Past Reviews

Regional Reviews: Chicago

Newsies
Oriental Theatre

Also see John's reviews of Airline Highway and Twist Your Dickens


The Cast
Chicago has recently been the target of an ad campaign by Actor's Equity urging theatergoers to "ask if it's Equity," ("look for the union label," if you will). How ironic it would be if this first national tour of Newsies, the story of the 1899 New York newsboy strike were a non-Equity tour. It is Equity, though, and although a good many of the young ensemble players lack Broadway credits, there's no denying these young singer-dancers are delivering a real Broadway-caliber product. Most of us presumably have at least seen Newsies casts performing the show's "Seize the Day" or "King of New York" on network telecasts of the Tony Awards or the Macy's Thanksgiving Day Parade if not the original Broadway production, and have a basis for comparison. Whatever else one might think of the musical, it's an awe-inspiring dance show, with the big ensemble of boy or boyish dancers displaying precision and athleticism in executing Christopher Gattelli's Tony Award winning dances. You could call them a boy version of the Rockettes, but between their gymnastic flips and their tap-dance moves they do so much more.
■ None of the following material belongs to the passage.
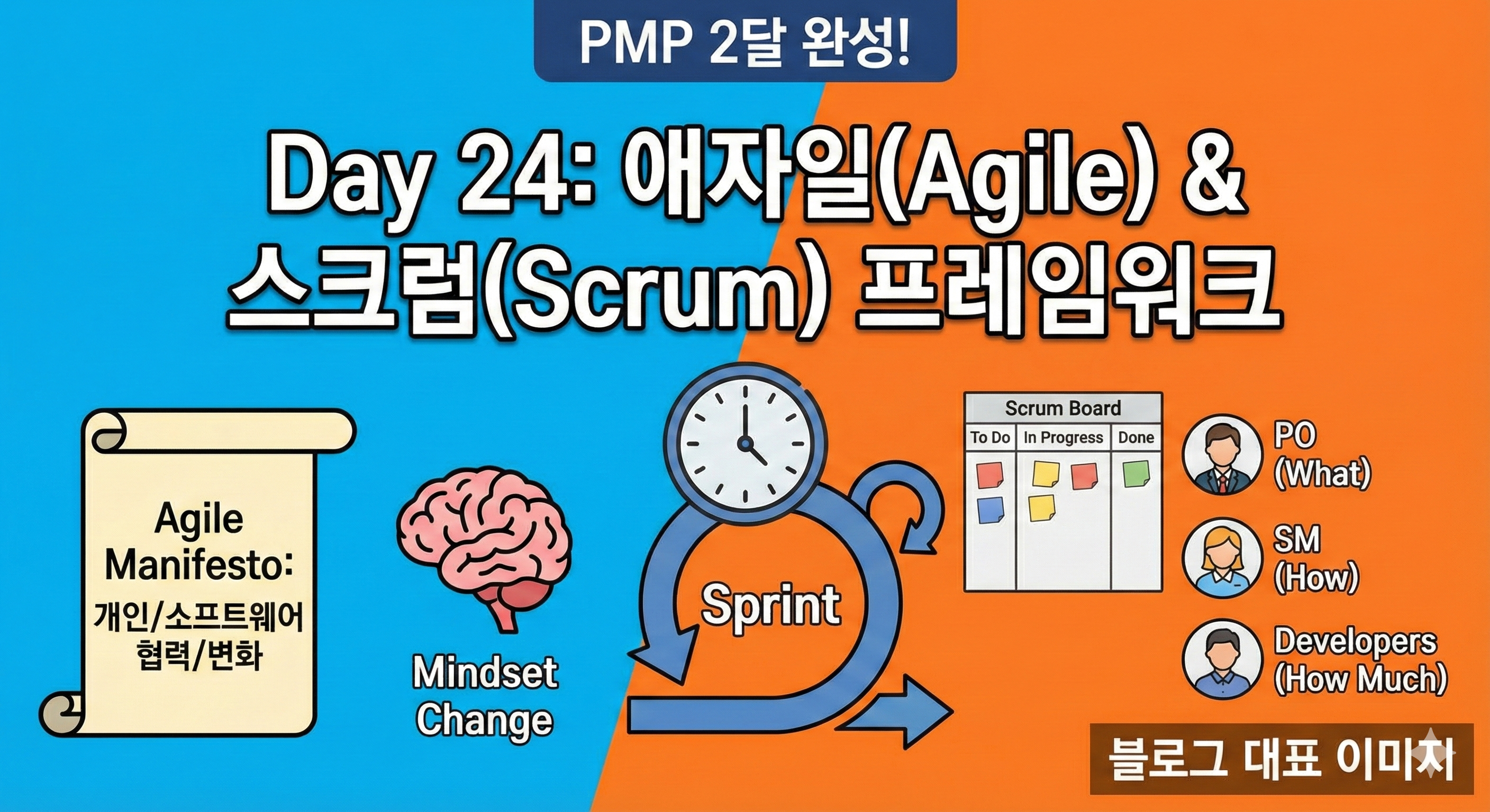 축하합니다! 어제로 10대 지식 영역(프로세스 중심)을 모두 마스터하셨습니다. 오늘부터 Day 24 (4주차 4일), PMP 시험의 50%를 차지하는 '애자일(Agile) 및 하이브리드' 영역으로 진입합니다.

This cast is led by Dan DeLuca as young union leader Jack Kelly, and he has no trouble providing the energy and charisma to lead the train. He has a distinctive singing voice, one that's a little throaty and nasal and not exactly pretty but fits the character and works with the street-smart New Yawk accents of the show's Lower East Side setting. A sweeter-sounding voice is found in Jacob Kemp, who plays Davey, the earnest boy who takes his kid brother Les (the charming Vincent Crocilla, alternating with Anthony Rosenthal) out on the streets to earn money to make up for their unemployed dad's loss of income. Stephanie Style is the spunky young reporter with a secret who provides a love interest for Jack, and she keeps up with the boys with no trouble. Among the "grown-ups," there's solid character work, starting with Beauty and the Beast's Steve Blanchard, who plays the chief villain—real-life newspaper magnate Joseph Pulitzer, who sparks the strike when he raises the newsies' costs of newspapers. Blanchard has a great baritone and the comic chops to create a real Disney-style villain. Nearly as nasty are Jon Hacker, John E. Brady and Bill Bateman as various Pulitzer henchmen, while Kevin Carolan makes a portly Teddy Roosevelt come in and save the day for the newsies.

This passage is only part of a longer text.